The campaign is spreading quickly around San Diego County schools, according to PTA spokesman Nina Kurtz, who sits on a task force--along with the Navy, the Optimist Club International, KCST-TV (Channel 39), the San Diego Police Department and the county’s Department of Education--promoting the “Just Say No!” campaign.

About 100 elementary and junior high schools around the county are establishing “Just Say No!” chapters. Plus, chapters are being established by churches and community centers. The clubs, with older, drug-free school kids serving as role models for the younger kids, are designed to provide “counter-peer pressure” to the forces at work in getting kids to use drugs, Kurtz said. Besides the education program, clubs will have social activities, such as roller skating, not only as a reward for their behavior but toward assuring parents that their children are hanging out with straight kids.

Among the more active school districts involved in the campaign is Santee’s, where administrator Dick Dorsey has organized “Just Say No!” clubs in five of the city’s 10 schools.
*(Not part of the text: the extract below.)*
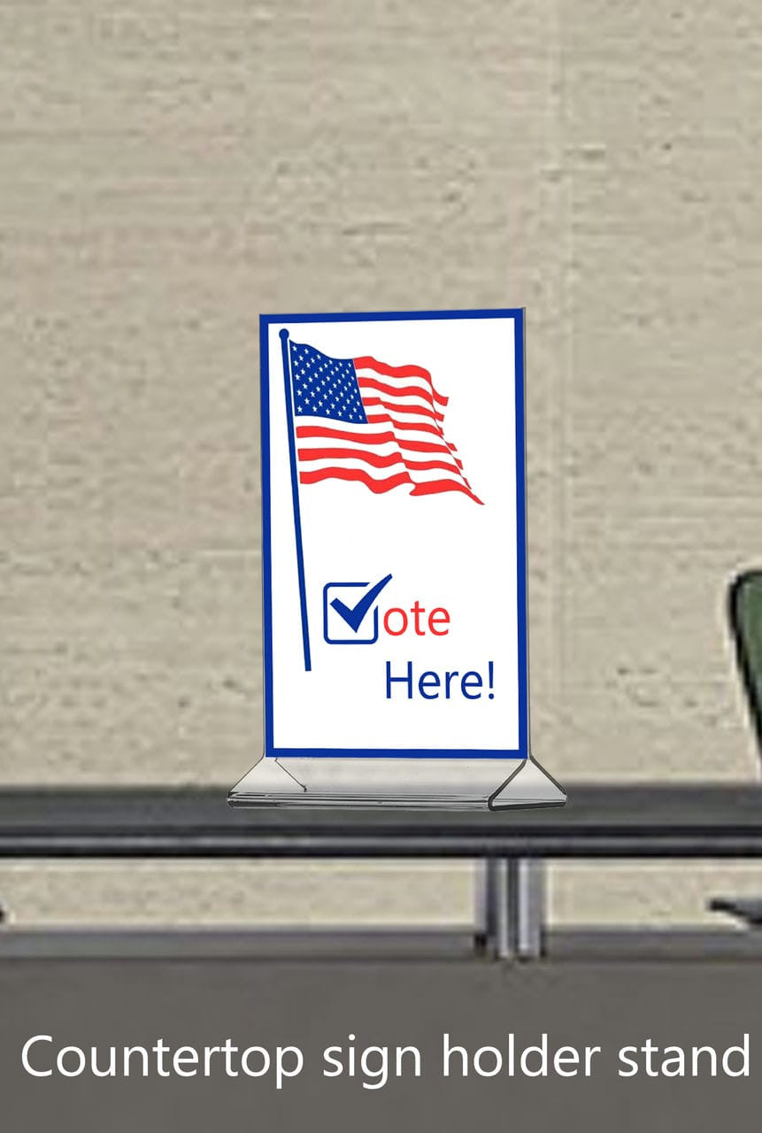 This printed material sign holder is perfect for displaying advertising, graphic images, printed media or to showcase documents that you would like to have on display in your retail shop or office. Use these tabletop holders to inform your customers or clients about hours of operation, today's specials, ads and advertisements or general informational notices. These versatile sign displays hold two images sandwiched back to back for dual sided viewing. These are lightweight and portable which means they can be placed in the reception area of any business, hotel, doctors offices or medical facilities.

“The clubs won’t be a panacea, because there will always be some kids who won’t be motivated by this kind of positive peer pressure,” he said. “But at least we have a greater chance in reaching kids, and we can celebrate the positive choices these kids will make.”

Avocado Supplants Chili

There’s no sense in there being another chili cookoff contest in these here parts, so Escondido is going to do the next best--and probably next most appropriate--thing when the Chamber of Commerce holds a “Celebrate Escondido” promotion Saturday on Grand Avenue.

There’ll be a guacamole-making contest, with a $5 entry fee to show off your best two-cups’ worth. The rules are simple enough: fresh ingredients, no preservatives and attach the recipe to your bowl.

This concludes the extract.